その図書館と併設しているのが、アンブロジアーナ絵画館です。
見た目はこじんまりとしていますが、中に入るとイタリアのルネサンス期の黄金時代を彩った、レオナルド・ダ・ヴィンチやラファエロ、カラヴァッジョにボッティチェリ、ティツィアーノなどのそうそうたる画家たちの作品が飾られています。
特にレオナルド・ダ・ヴィンチの「音楽家の肖像」は、彼の生涯で10数点しかない作品の1つとして大変貴重なものです。
またアンブロジアーナ絵画館は、順路通りに進むと最後にサラ・フェデリチアーナ(Sala Federiciana)というかつての図書館の一部を展示室に改築したエリアに出るのですが、そこにはダ・ヴィンチが40年間ほど書き綴った「アトランティコ手稿」の一部が展示されています。
その内容は数学や植物学、動物学に始まり、天文学、幾何学、土木工学、軍事兵器技術などの走り書きや精緻なデッサンが直筆で描かれたもので、ダ・ヴィンチの天才ぶりがうかがい知れるものです。
アンブロジアーナ絵画館は単なる絵画の展示場所というだけではありません。
フレスコ画やステンドグラス、古代図書館といった要素を組み合わされ、中庭にはダンテの神曲のワンシーンからインスピレーションを受けたとされる彫刻が立ち並ぶなど、その空間自体が計算され、アートとしてデザインされています。
静かで趣のある展示室は、じっくり見て回ると二時間ほどは必要。しかしイタリアでこれほどのランクの収蔵品がある美術館としては、驚くほど空いているのも特徴です。
チケットはオンラインでも購入できますが、現地購入でもほとんどの場合は問題ありません。さらに以前は写真撮影が禁止されていましたが、現在はフラッシュをたかなければ、スマートフォンなどでの撮影が許されています。
ゆったりと落ち着いた空間で美術鑑賞をしたいという方にオススメしたい、ミラノの穴場の絵画館です。
ちなみに絵画館のチケットで図書館も入場可能ですが、開館日と営業時間が違うのに注意!
絵画館は水曜定休の10時から18時まで。
夏季休暇やクリスマス休暇など変則的な休館日もありますので、訪れる際は公式サイトなどでご確認ください。
図書館は土日定休の9時(観光客は10時)から16時50分まで開館しています。
住所 | Piazza Pio XI, 2, 20123 Milano MI, イタリア |
営業時間 | 10時から18時00分まで 水曜定休 |
入場料金 |
15ユーロ (5歳まで無料・6~14歳は5ユーロ・15~18歳、大学生は10ユーロ・65歳以上は13ユーロ) |
ミラノ市立近代美術館(ミラノ)
引用:https://commons.wikimedia.org/wiki/File:La_Galleria_d%27Arte_Moderna_di_Milano_GAM_al_tramonto.jpg
イタリアでは中世・ルネサンス期の名作がいくつも見られるのは有名ですが、意外にも近世以降の作品はあまり見ることができません。

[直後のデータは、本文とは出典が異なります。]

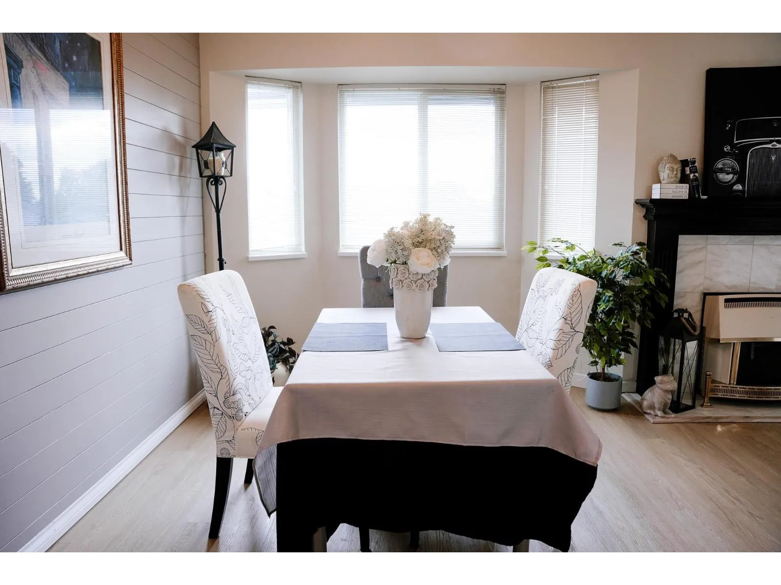 Completely renovated kitchen with new appliances! This lovely, bright end-unit townhouse features 3 bedrooms, 2 bathrooms, newer paint and flooring, and is tucked away in a quiet cul-de-sac in central Mission. Schools, transit, and the rec centre are nearby, with shopping just minutes away. Enjoy a spacious living/dining area with a cozy gas fireplace, bay-windowed primary bedroom, and covered balcony with Mount Baker views. Downstairs offers 2 bedrooms, a 3-piece bath, large laundry room, and single garage plus extra parking. Woodrose Estates is pet-friendly with no age or rental restrictions. (id:27476)

特に日本人の多くに好まれるという印象派の作品は貴重なのですが、ミラノ市立近代美術館はそうした作品が数多く展示されています。
建物はもともとルドヴィーコ・バルビアーノ・ディ・ベルジョイオーゾ伯爵の私宅として造られた、ネオクラシック様式の豪華なもの。裏にはミラノで初めて造られた、イギリス式庭園が広がっています。
しかし当時ミラノがフランスに支配されたあおりを受け、完成直後にフランス軍総督のジョアシャン・ミラに奪われてしまったという歴史を持ちます。

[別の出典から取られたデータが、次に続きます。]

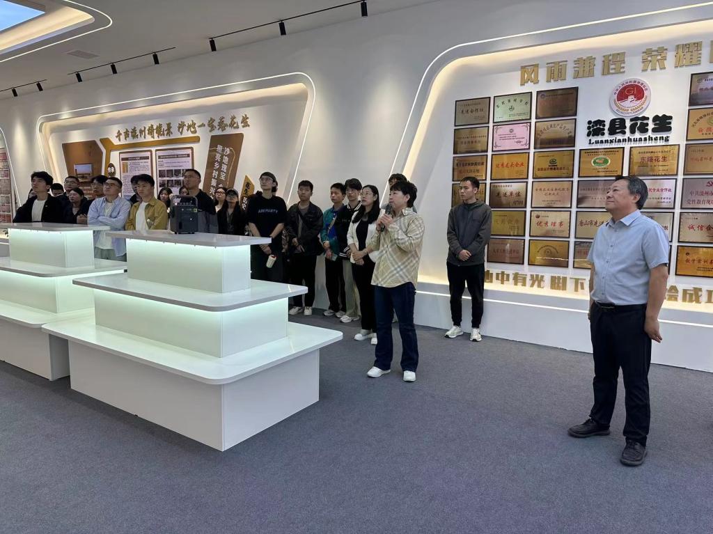在参观过程中,百信花生种植专业合作社负责人为师生们详细介绍了合作社的创办历史和初心。合作社自成立以来,始终致力于推动农业信息化的发展,通过不断引进先进的农业技术,帮助当地农民实现增产增收,带动了滦县农业产业的发展。

その後ジョアシャンはナポレオンの妹と結婚し、この館はナポレオンに献上されたとか。数々の有力者の手を渡り歩いてきた館は、1920年にイタリア国所有のものとなり、1921年に近代美術館が移転されました。
そんなミラノ市立近代美術館は3フロアあり、4,000点ほどのコレクションを収蔵しています。
2階まではイタリア人画家の作品が中心ですが、3階にはかのピカソやゴッホ、ゴーギャン、ロートレックやセザンヌなど、海外の有名画家の作品が常設されています。

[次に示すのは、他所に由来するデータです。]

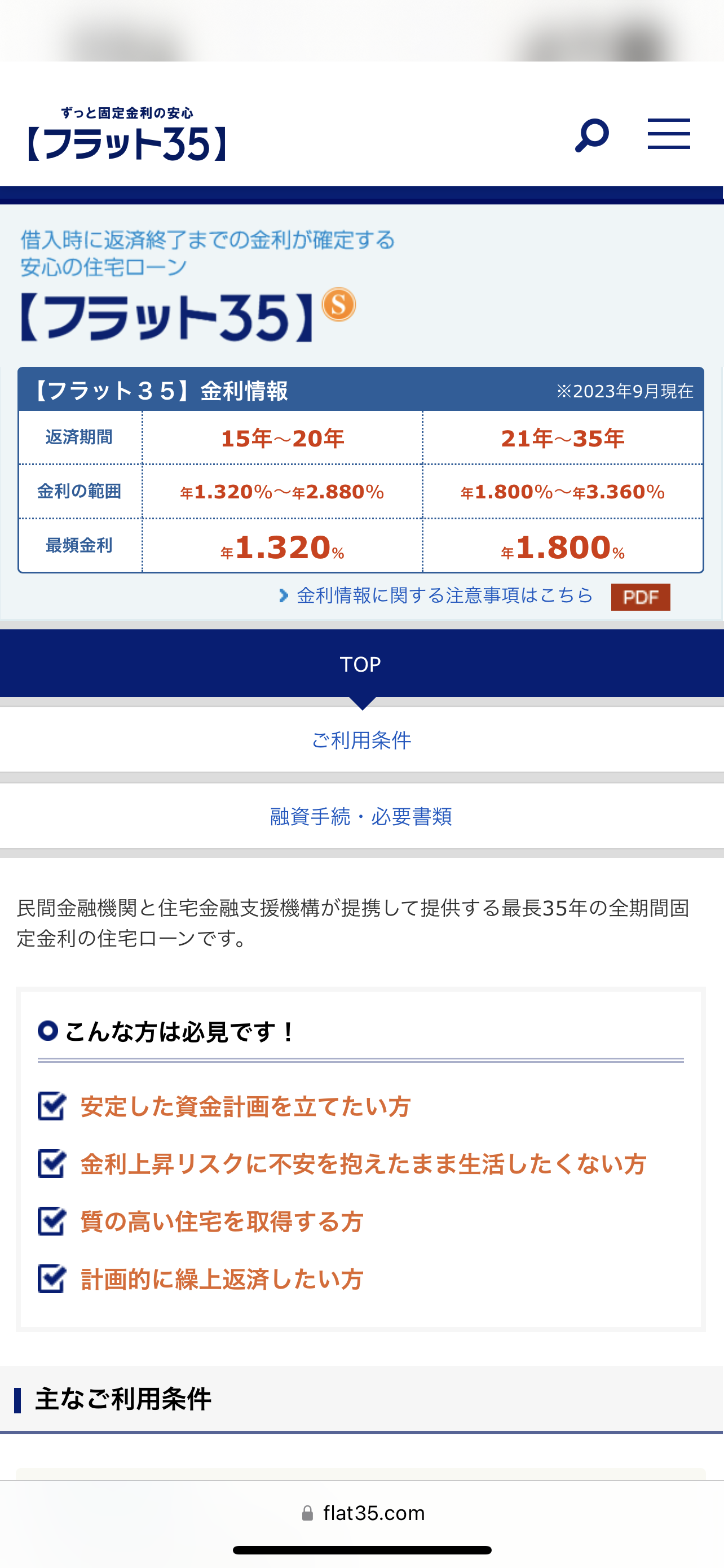 フラット35 15~20年(金利の範囲 年1.32~2.88%)

また彫刻作品も多く、豪華な内装と合わせて大小さまざまな作品を体験することができますよ。
市立美術館のためか、入場料もわずか5ユーロと格安なのも嬉しいですね。
住所 | Via Palestro, 16, 20121 Milano MI, イタリア |
営業時間 | 10時から17時30分まで 月曜定休 |
入場料金 |
5ユーロ (18歳未満は無料・大学生や65歳以上は3ユーロ) |
エジプト美術館(トリノ)
引用:https://commons.wikimedia.org/wiki/File:Torino,_Museo_egizio_%28252%29.jpg
イタリア北西部にある都市トリノには、ちょっと変わった美術館があります。
イタリアにまで来てエジプト美術館?と思うかもしれませんが、なんとここは古代エジプト美術品に関しては、カイロにあるエジプト考古学博物館に次ぐ世界最大級の規模を誇っているのです。
数多の神像やツタンカーメン、ラムセス二世などの王の埋葬品、あのスフィンクスの像や本物のミイラ、「死者の書」3種など、エジプトに詳しくなくても耳にしたことのあるようなアイテムが展示されており、だれにとっても楽しめる美術館になっています。
更に言えばこの美術館、ギャラリーの設計はアカデミー賞で美術賞を取ったこともあるダンテ・フェレッティ氏が設計したもので、展示の仕方にもセンスを感じられるものになっています。
館内は広く、一人ですべて見て回ろうと思うと2時間30分ほどかかります。
また、北イタリアの中ではかなり混雑する美術館で、特に週末には多くの人でにぎわう人気スポットです。
チケットはオンラインのみで、現地購入はないので注意!公式サイトなどであらかじめ予約しておきましょう。
住所 | Via Brera, 28, 20121 Milano MI, イタリア |
営業時間 |
火曜日~日曜日 9時から18時30分まで |
入場料金 |
18ユーロ (5歳まで無料・6~14歳は1ユーロ・15~18歳、大学生は3ユーロ) |
北イタリアの見逃せない美術館・博物館のオススメまとめ
今回はイタリアの中でも北部にある、素敵な美術館・博物館についてご紹介しました。
イタリアはアートに関しては世界屈指と言ってもいい国の1つで、多くの都市に大小問わず様々な美術館や博物館があります。
ローマやフィレンチェの有名な美術館などは、何日も前から予約しないと入れないほど混雑していることがほとんどです。
しかし、イタリア北部のミラノやベネチアにある美術館は、内容はそれに匹敵するほど豪華でありながら比較的空いていることも多く、落ち着いてアートを眺めることができます。
今回の記事ではそれぞれの入場料金などについてもご説明しましたが、イタリアでは複数の美術館・博物館・礼拝堂などの観光スポットがセットになったお得な共通チケットも何種類も販売されています。
イタリアへ美術鑑賞ツアーに赴く際は、今回の記事と合わせて確認してみてくださいね。